What you should do: Could you please output only the lines from the one holding "Auf dem Foto" through the end of the listing below, exactly as written and without pictures?

Given material:
____________________

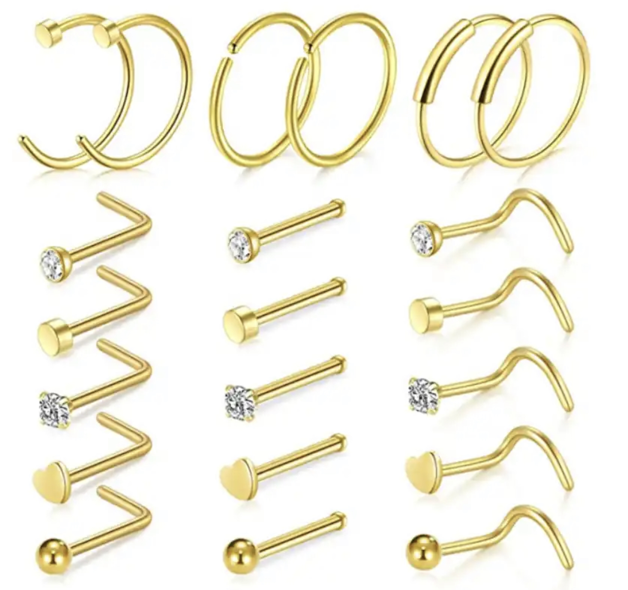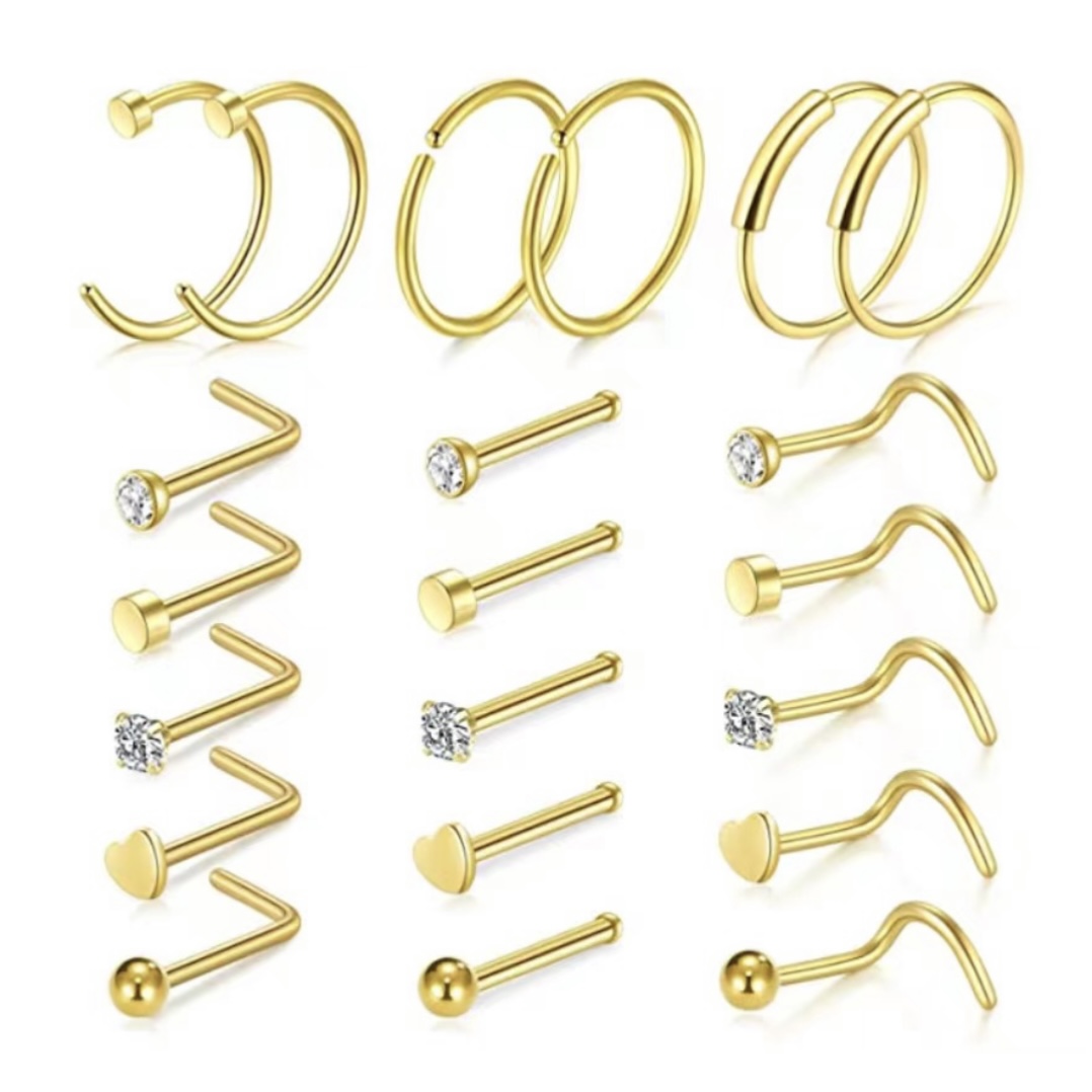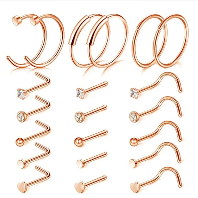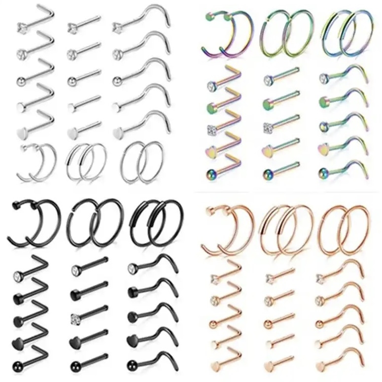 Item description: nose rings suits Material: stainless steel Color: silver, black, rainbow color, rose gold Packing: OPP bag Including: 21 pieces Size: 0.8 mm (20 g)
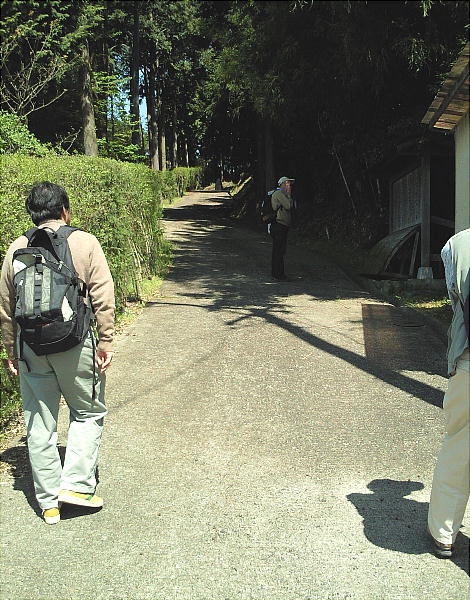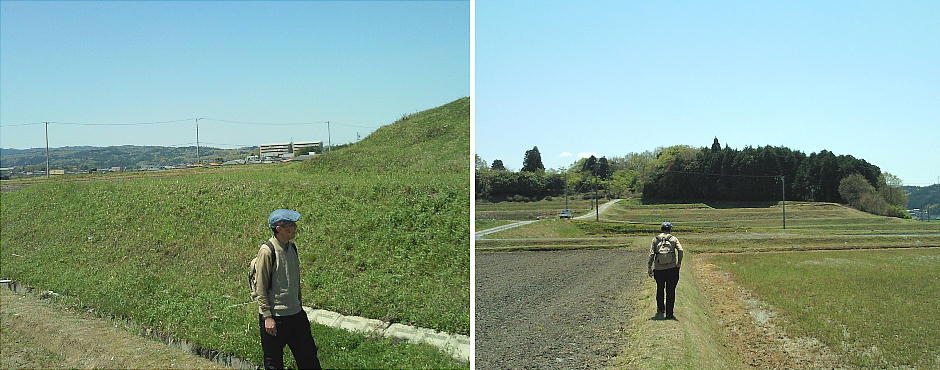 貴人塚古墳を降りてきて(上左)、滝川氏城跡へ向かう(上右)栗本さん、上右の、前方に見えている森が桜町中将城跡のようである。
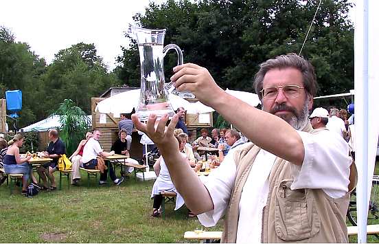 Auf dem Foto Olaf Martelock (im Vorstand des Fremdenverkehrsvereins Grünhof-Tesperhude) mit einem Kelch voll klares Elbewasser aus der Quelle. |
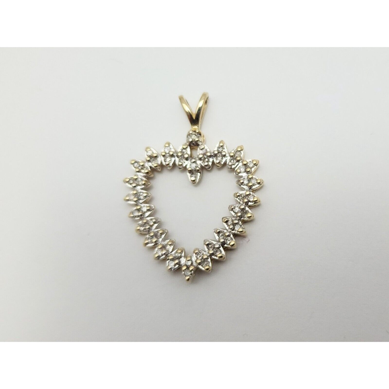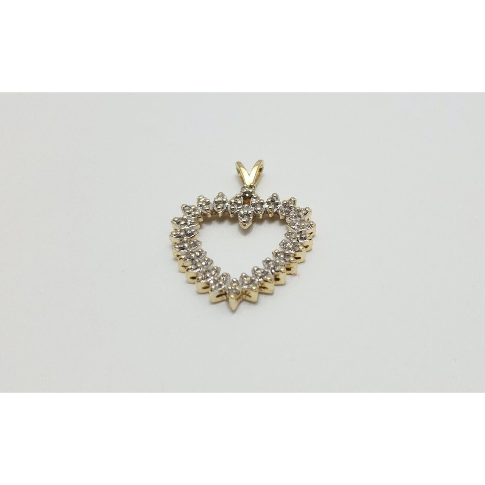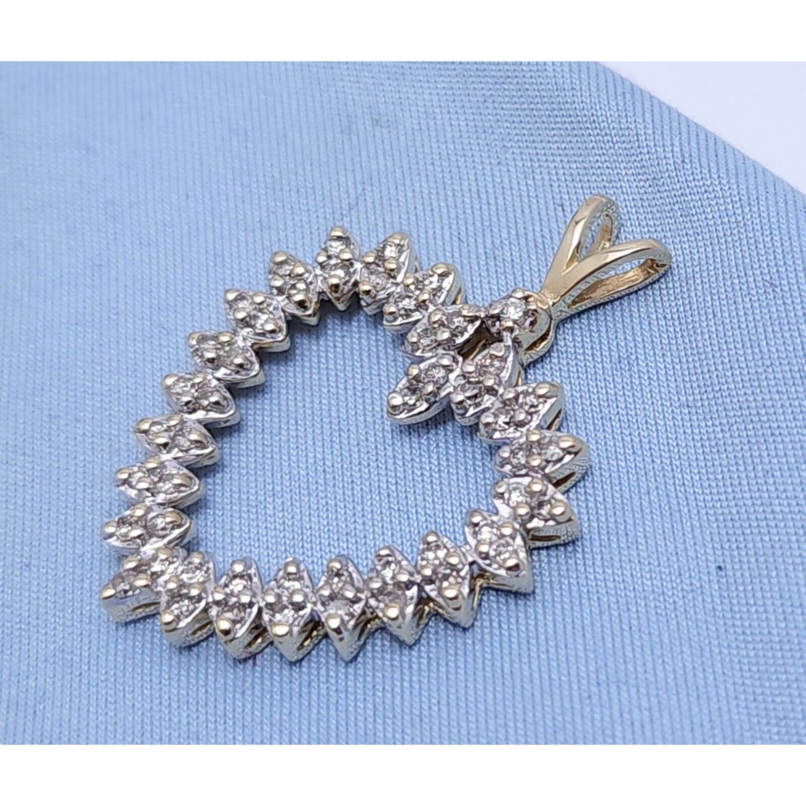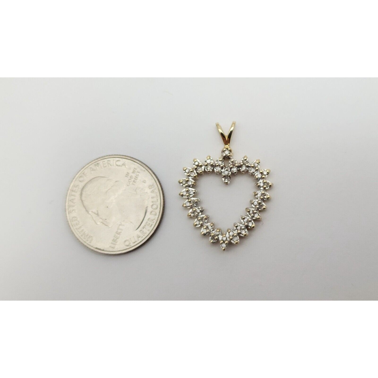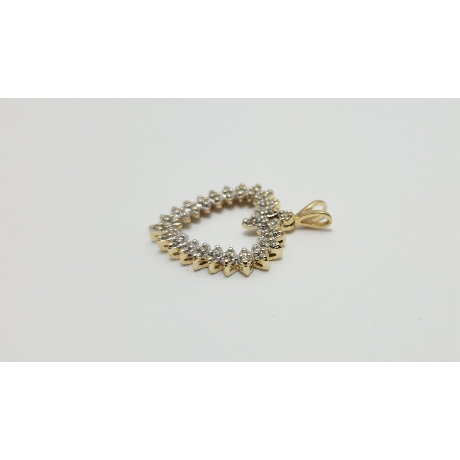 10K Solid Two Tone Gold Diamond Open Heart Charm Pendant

____________________

Solution for this task:
 Auf dem Foto Olaf Martelock (im Vorstand des Fremdenverkehrsvereins Grünhof-Tesperhude) mit einem Kelch voll klares Elbewasser aus der Quelle. |
 10K Solid Two Tone Gold Diamond Open Heart Charm Pendant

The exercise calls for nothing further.